DATA TO PROCESS:
- Opening Delimiter -
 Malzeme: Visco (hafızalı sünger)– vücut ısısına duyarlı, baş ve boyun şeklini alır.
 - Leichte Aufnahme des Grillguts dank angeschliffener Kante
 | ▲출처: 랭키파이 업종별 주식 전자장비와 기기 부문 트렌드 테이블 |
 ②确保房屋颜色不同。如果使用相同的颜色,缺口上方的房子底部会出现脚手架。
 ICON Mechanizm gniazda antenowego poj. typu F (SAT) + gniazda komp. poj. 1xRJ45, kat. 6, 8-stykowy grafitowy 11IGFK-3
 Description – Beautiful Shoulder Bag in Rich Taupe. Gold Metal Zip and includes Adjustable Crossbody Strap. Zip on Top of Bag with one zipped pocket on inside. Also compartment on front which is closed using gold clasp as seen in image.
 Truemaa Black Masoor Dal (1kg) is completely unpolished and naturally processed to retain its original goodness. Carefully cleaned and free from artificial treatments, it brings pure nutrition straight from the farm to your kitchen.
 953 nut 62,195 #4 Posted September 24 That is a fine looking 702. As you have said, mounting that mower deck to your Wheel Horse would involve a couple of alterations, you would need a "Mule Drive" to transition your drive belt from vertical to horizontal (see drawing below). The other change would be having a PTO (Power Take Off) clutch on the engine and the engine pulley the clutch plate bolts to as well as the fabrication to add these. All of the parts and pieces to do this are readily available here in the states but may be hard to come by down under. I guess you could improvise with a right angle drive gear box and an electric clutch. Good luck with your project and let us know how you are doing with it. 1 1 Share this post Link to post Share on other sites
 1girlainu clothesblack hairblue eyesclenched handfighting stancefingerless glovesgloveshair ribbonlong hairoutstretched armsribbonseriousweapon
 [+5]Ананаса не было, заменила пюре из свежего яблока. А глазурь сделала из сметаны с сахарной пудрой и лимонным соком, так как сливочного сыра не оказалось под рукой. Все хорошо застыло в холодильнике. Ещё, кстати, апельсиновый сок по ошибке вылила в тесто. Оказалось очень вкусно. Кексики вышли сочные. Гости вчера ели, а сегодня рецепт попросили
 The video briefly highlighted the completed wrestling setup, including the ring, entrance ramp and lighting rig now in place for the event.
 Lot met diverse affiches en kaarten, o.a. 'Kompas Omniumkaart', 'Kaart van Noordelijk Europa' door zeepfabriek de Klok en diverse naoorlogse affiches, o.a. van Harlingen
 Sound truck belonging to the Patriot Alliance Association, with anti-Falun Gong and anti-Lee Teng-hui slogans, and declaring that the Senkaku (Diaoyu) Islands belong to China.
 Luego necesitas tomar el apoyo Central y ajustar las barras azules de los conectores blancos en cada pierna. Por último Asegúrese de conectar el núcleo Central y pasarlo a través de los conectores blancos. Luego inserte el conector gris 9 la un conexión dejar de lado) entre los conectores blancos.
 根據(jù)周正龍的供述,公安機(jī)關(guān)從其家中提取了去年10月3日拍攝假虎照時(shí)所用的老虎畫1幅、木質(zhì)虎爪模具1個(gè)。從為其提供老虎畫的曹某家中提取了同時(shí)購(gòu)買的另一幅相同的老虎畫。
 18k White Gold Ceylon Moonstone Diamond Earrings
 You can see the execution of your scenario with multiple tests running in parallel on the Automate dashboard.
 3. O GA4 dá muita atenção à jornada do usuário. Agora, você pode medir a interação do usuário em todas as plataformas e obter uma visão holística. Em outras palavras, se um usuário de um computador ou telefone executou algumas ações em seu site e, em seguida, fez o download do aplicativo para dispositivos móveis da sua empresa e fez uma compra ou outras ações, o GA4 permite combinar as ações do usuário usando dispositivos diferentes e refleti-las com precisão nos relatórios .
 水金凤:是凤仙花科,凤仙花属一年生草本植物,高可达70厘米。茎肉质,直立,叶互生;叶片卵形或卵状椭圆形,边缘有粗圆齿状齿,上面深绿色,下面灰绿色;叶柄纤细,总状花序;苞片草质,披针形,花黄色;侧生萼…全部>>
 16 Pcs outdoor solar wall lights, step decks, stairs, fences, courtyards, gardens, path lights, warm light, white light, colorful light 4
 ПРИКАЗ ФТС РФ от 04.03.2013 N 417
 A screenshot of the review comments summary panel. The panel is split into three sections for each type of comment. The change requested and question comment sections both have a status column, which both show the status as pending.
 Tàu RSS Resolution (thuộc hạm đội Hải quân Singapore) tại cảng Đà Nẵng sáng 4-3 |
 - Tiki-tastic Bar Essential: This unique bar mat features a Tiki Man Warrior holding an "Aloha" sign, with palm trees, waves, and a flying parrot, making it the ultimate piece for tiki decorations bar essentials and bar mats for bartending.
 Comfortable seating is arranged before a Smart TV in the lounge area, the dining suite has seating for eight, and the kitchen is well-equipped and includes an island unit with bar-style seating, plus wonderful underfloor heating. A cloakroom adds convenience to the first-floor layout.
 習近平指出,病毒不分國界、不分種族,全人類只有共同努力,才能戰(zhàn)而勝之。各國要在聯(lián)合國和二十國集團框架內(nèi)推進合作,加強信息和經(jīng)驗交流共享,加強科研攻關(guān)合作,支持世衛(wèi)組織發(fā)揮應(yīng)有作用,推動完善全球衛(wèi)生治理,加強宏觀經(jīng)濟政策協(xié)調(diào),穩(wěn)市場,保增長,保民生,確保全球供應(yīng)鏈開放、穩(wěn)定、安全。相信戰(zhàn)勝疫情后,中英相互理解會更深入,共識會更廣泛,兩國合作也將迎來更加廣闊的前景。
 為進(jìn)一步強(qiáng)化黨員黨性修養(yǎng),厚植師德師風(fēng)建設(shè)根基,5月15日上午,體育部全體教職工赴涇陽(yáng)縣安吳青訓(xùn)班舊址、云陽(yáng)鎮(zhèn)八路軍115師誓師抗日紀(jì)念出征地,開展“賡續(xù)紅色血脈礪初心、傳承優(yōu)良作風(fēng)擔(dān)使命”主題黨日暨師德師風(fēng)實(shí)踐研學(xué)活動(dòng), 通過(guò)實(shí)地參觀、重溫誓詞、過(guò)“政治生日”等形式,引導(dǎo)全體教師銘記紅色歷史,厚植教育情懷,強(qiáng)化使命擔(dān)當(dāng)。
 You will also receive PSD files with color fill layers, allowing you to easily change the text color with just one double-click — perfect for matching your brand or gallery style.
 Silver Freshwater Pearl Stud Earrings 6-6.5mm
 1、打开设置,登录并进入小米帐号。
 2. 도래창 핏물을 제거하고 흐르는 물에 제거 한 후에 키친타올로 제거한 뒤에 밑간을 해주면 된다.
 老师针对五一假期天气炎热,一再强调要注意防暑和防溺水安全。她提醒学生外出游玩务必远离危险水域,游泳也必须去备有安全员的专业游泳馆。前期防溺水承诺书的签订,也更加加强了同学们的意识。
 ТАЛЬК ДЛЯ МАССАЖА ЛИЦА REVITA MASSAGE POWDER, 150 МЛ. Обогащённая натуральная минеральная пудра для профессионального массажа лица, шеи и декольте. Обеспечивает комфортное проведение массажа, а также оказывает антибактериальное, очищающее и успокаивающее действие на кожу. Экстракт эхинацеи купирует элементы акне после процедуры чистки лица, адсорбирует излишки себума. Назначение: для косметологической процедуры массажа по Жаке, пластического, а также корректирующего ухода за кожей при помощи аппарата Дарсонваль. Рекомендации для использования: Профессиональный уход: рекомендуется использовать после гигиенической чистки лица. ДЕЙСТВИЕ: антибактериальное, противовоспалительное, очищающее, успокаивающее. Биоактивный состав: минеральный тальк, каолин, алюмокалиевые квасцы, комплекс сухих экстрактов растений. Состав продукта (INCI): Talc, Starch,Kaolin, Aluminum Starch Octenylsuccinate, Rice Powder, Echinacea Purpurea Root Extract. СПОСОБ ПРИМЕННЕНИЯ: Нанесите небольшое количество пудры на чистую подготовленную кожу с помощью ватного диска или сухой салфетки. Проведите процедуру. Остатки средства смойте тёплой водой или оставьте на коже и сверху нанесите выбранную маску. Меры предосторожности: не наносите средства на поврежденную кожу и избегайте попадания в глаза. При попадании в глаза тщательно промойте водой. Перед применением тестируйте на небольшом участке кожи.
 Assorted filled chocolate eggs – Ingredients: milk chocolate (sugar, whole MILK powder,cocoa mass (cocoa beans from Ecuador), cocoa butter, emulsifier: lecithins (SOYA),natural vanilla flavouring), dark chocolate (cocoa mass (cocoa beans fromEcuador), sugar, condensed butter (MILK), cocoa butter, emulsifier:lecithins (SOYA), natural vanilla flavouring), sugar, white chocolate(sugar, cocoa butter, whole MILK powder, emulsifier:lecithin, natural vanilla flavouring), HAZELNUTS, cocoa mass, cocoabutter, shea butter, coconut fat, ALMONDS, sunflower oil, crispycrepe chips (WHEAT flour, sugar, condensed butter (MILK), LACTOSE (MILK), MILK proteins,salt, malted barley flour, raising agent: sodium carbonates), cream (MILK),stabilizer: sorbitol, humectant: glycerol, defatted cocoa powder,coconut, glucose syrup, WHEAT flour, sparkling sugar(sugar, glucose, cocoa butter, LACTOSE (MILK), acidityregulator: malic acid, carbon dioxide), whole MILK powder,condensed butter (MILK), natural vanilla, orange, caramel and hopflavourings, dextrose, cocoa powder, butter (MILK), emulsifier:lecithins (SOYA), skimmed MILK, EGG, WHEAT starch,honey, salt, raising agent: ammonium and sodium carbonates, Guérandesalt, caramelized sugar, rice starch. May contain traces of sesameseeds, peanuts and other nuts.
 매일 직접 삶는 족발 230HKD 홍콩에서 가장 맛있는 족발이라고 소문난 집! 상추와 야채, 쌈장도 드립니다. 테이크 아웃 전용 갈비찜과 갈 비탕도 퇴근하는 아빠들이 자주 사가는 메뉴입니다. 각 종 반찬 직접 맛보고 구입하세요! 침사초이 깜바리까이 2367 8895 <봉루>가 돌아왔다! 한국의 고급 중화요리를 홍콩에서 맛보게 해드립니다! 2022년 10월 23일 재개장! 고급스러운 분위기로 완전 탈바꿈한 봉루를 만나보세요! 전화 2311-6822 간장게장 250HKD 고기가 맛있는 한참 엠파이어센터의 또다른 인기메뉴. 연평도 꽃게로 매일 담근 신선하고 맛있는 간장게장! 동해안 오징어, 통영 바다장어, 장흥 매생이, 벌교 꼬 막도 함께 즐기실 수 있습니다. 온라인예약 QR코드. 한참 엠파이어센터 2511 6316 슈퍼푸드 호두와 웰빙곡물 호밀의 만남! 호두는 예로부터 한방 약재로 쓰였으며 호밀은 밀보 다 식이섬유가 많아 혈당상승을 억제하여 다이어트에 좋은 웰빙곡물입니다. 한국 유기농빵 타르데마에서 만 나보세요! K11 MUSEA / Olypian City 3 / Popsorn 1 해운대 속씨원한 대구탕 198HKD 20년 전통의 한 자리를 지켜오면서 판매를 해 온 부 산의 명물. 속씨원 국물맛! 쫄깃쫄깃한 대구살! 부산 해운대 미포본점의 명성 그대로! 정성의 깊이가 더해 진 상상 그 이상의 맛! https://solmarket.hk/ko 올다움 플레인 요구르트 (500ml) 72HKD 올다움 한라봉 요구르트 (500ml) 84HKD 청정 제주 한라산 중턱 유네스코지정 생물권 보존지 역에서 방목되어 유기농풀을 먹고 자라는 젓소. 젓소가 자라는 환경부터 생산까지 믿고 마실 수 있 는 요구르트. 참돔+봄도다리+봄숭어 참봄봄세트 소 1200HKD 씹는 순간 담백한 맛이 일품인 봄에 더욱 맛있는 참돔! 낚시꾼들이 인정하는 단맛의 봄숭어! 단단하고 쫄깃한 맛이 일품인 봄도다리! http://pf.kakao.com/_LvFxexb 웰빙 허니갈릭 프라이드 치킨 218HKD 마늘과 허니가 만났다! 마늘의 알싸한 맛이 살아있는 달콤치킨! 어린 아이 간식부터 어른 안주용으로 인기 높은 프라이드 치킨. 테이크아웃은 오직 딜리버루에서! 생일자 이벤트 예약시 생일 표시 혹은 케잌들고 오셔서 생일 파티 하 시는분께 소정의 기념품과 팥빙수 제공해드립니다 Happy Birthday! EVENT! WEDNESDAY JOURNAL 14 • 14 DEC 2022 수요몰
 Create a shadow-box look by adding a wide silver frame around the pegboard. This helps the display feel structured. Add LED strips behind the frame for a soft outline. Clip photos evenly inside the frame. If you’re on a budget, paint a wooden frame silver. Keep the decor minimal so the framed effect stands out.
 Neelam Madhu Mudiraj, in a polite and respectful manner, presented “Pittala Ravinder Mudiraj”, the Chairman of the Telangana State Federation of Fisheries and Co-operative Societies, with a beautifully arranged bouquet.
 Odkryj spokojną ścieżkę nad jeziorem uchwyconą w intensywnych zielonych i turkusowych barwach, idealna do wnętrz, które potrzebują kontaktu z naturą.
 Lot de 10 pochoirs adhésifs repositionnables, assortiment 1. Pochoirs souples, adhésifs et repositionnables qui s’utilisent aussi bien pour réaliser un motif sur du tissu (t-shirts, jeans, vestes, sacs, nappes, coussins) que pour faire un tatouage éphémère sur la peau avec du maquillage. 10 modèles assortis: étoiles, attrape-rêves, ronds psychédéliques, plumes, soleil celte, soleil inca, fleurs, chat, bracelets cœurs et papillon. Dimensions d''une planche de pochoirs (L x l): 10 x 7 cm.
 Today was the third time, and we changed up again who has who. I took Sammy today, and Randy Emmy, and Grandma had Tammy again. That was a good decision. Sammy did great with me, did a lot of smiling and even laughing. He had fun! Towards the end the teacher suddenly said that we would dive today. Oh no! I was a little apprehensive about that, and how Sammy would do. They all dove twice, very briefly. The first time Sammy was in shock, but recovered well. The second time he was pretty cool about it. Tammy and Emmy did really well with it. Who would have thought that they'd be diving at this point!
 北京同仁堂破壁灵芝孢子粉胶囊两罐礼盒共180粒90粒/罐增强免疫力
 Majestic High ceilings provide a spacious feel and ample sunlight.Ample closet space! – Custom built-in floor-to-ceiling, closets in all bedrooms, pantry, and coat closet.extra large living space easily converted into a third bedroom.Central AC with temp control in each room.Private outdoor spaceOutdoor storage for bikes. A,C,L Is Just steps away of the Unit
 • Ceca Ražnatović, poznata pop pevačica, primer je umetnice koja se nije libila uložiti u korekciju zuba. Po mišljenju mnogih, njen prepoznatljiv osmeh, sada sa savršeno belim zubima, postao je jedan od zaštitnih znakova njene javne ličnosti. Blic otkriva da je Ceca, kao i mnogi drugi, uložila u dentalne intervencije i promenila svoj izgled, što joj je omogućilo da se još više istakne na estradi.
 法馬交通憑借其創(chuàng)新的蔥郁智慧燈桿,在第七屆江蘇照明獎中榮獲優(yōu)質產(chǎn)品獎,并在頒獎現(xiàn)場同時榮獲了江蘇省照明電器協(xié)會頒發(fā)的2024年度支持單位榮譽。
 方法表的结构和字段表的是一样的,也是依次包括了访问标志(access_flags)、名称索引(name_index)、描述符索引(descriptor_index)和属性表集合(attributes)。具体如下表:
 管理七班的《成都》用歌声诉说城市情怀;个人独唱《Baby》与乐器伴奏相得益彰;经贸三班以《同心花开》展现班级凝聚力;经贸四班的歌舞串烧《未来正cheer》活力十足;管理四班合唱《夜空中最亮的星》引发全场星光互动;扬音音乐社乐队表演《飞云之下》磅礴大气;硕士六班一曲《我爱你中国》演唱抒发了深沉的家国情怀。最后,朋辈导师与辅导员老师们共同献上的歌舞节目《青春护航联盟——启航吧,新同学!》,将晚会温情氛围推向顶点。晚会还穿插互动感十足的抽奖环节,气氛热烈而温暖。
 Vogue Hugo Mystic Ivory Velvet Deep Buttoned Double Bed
- Closing Delimiter -
WHAT YOU ARE ASKED TO DO: Using the entries above, give back exactly the line containing "[+5]Ананаса не было, заменила", the line containing "Luego necesitas tomar", and every line between them, and nothing else.

TASK ANSWER:
 [+5]Ананаса не было, заменила пюре из свежего яблока. А глазурь сделала из сметаны с сахарной пудрой и лимонным соком, так как сливочного сыра не оказалось под рукой. Все хорошо застыло в холодильнике. Ещё, кстати, апельсиновый сок по ошибке вылила в тесто. Оказалось очень вкусно. Кексики вышли сочные. Гости вчера ели, а сегодня рецепт попросили
 The video briefly highlighted the completed wrestling setup, including the ring, entrance ramp and lighting rig now in place for the event.
 Lot met diverse affiches en kaarten, o.a. 'Kompas Omniumkaart', 'Kaart van Noordelijk Europa' door zeepfabriek de Klok en diverse naoorlogse affiches, o.a. van Harlingen
 Sound truck belonging to the Patriot Alliance Association, with anti-Falun Gong and anti-Lee Teng-hui slogans, and declaring that the Senkaku (Diaoyu) Islands belong to China.
 Luego necesitas tomar el apoyo Central y ajustar las barras azules de los conectores blancos en cada pierna. Por último Asegúrese de conectar el núcleo Central y pasarlo a través de los conectores blancos. Luego inserte el conector gris 9 la un conexión dejar de lado) entre los conectores blancos.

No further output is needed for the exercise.